▶ [INFORMATION SUPPLIED]
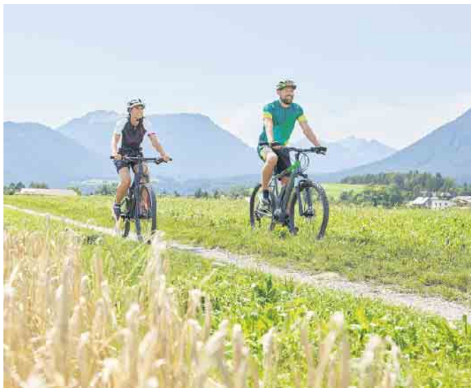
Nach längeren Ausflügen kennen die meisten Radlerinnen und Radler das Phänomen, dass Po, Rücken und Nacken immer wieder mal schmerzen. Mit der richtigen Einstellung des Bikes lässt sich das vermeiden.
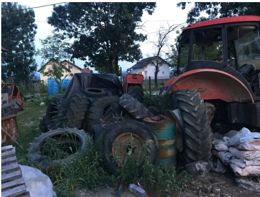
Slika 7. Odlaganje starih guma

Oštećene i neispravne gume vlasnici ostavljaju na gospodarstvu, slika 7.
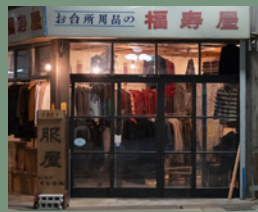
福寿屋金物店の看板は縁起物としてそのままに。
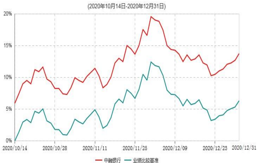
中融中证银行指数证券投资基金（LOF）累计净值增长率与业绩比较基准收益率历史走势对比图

...

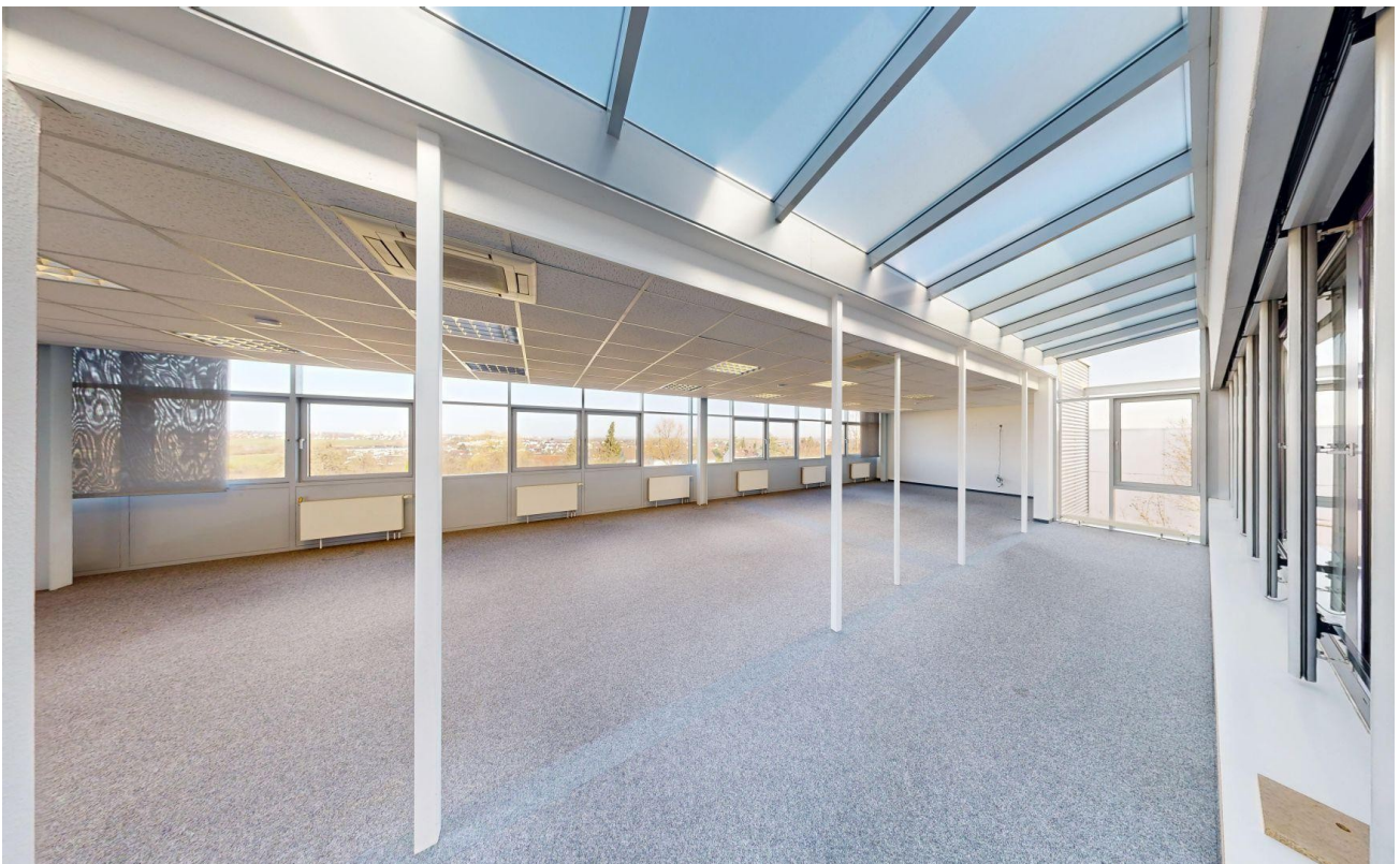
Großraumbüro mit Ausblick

▶ [WORK TO COMPLETE]
A clean copy is needed of the lines above from the one with "Nach längeren Ausflügen" up to and including the one with "中融中证银行指数证券投资基金". Please set it down exactly, with no pictures.

▶ [RESPONSE TO THE TASK]
Nach längeren Ausflügen kennen die meisten Radlerinnen und Radler das Phänomen, dass Po, Rücken und Nacken immer wieder mal schmerzen. Mit der richtigen Einstellung des Bikes lässt sich das vermeiden.
Slika 7. Odlaganje starih guma

Oštećene i neispravne gume vlasnici ostavljaju na gospodarstvu, slika 7.
福寿屋金物店の看板は縁起物としてそのままに。
中融中证银行指数证券投资基金（LOF）累计净值增长率与业绩比较基准收益率历史走势对比图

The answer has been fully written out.